Avoiding Maths will not help
Many kids and some parents feel that if the kid is afraid of numbers then it is perhaps better to let him avoid the subject altogether. This is one subject you cannot get away with. At some point they have to come back to it. In most education systems around the world, Maths is a compulsory subject, not a choice. And, if you have to anyway do it, better to deal with it.
Acknowledge your Maths anxiety
As with most phobias and addictions, the first step to treatment is admitting the problem. It is not a big deal. Various studies have proven that a majority population has had Maths phobia at some point in their lives. But if you don’t acknowledge it, you will never be able to figure out a solution.
Do calculations mentally in everyday life
Go out for grocery shopping with your mother and try to beat the shop-keeper in his speed of calculation. Try this especially with fruit or vegetable vendors. They don’t use calculators and are good at mental Maths. You will soon understand the secret of their speed, which is breaking down the calculations to a level of simplicity they can handle. In super markets you will often find discounts. Use such small opportunities to learn discounting and percentage calculations.

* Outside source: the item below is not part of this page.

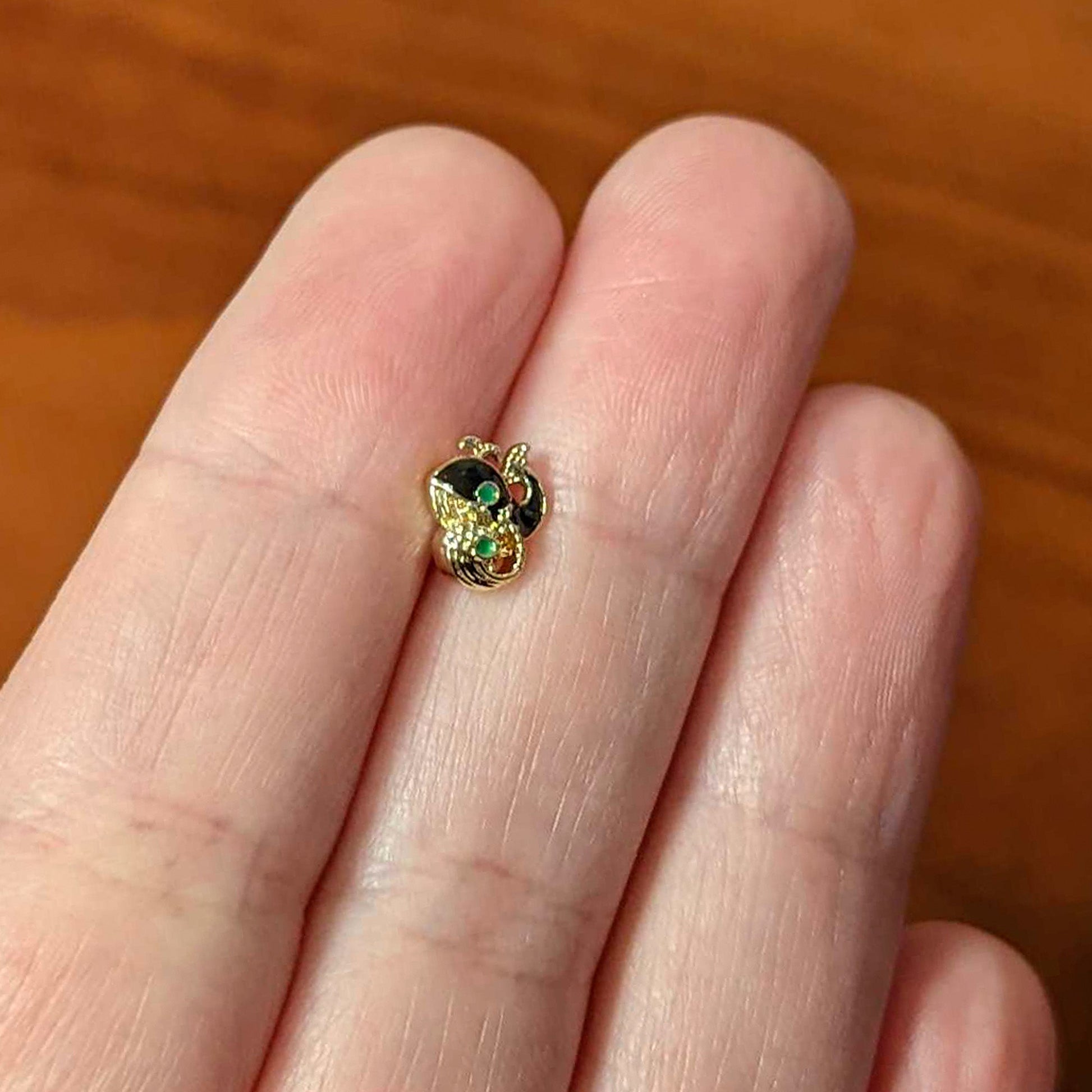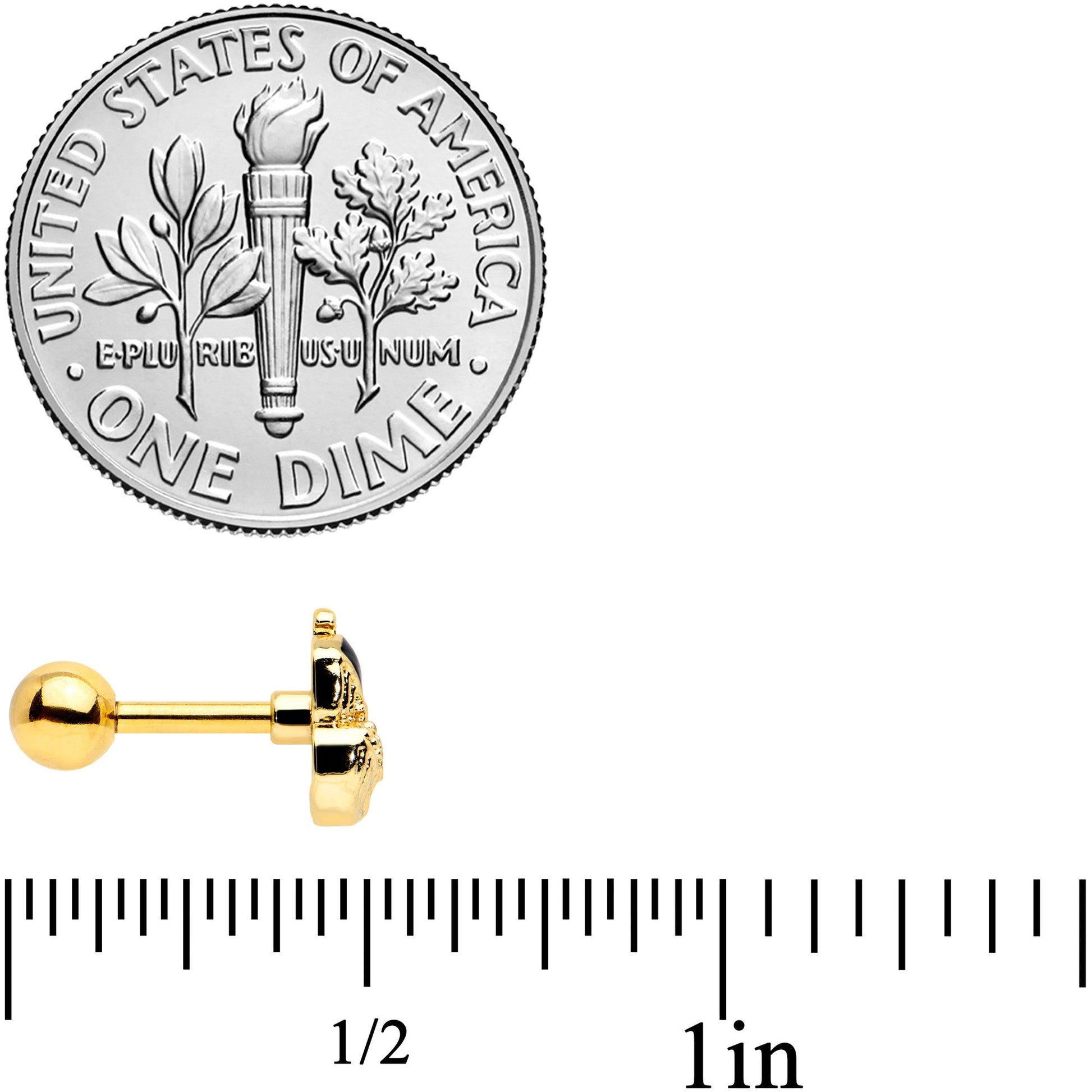The whales on this 16 gauge tragus stud show that style runs in the family! It's made with a 6mm gold tone PVD over 316L surgical grade stainless steel straight barbell with a 4mm ball end. It features a whale charm, with a mother whale and baby. The mother has black embellishment and a green eye while the baby is set with textured detailing and also has a green eye embellishment. You can even rock them in multiple piercings including tragus, helix, and some conch piercings. Show your love for these gorgeous creatures family-style with this wonderful whale-themed cartilage stud!Specifications
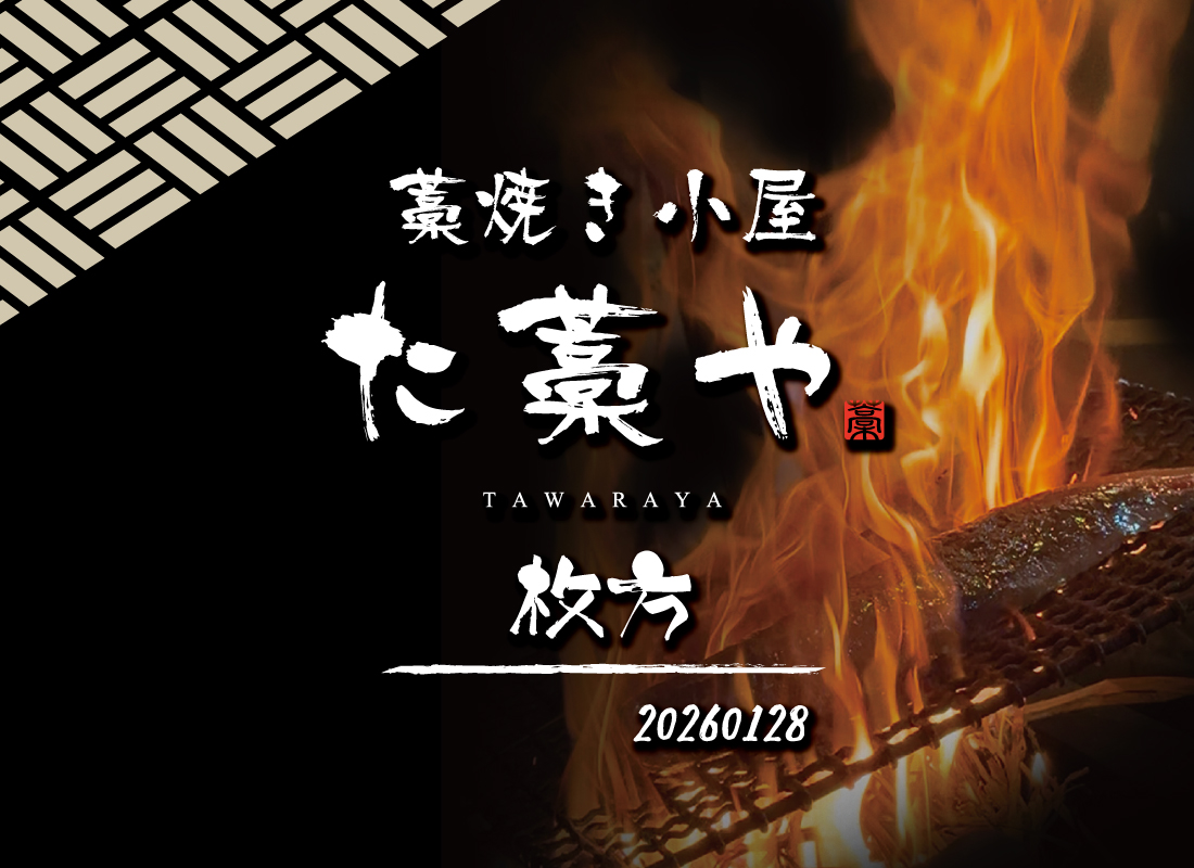 2026年1月28日枚方市駅前にた藁やオープン予定! 〒573-1191 大阪府枚方市新町1-2-10 テイクスリービル2F ☎072-843-8080

Do not stick to text books
Most of us hate text books. It is very important to take Mathematics out of text books as they can get boring at times. Use newspapers and magazines to read and interpret and explain the usage of graphs and charts like bar chart, pie chart, line chart and histogram. If you are consistent, understanding statistics will become simpler in future.
Play number games
Some board games like Monopoly can help in strategic thinking as well as improve basic calculation skills. Playing cards games which involve certain amount of calculations can help you in improving your speed of calculation. Permutation and Combination and Probability can be taught using coins, dice and playing cards. You can alternatively play number guessing games with your friends. With time you will become a champion at numbers.
The most important tip, often advised by teachers is to practice. Keep problem solving sessions short at first – no more than 10 to 15 minutes a day. Slowly include longer problems that require more persistence. Math is made up of rules, processes and procedures. When a bit of practice is done every day, the processes become very clear.
Work with a tutor
Work with a tutor or other students who can understand the course content when you are struggling. A tutor will not only explain the logics behind every equation, he or she will ensure you practice regularly.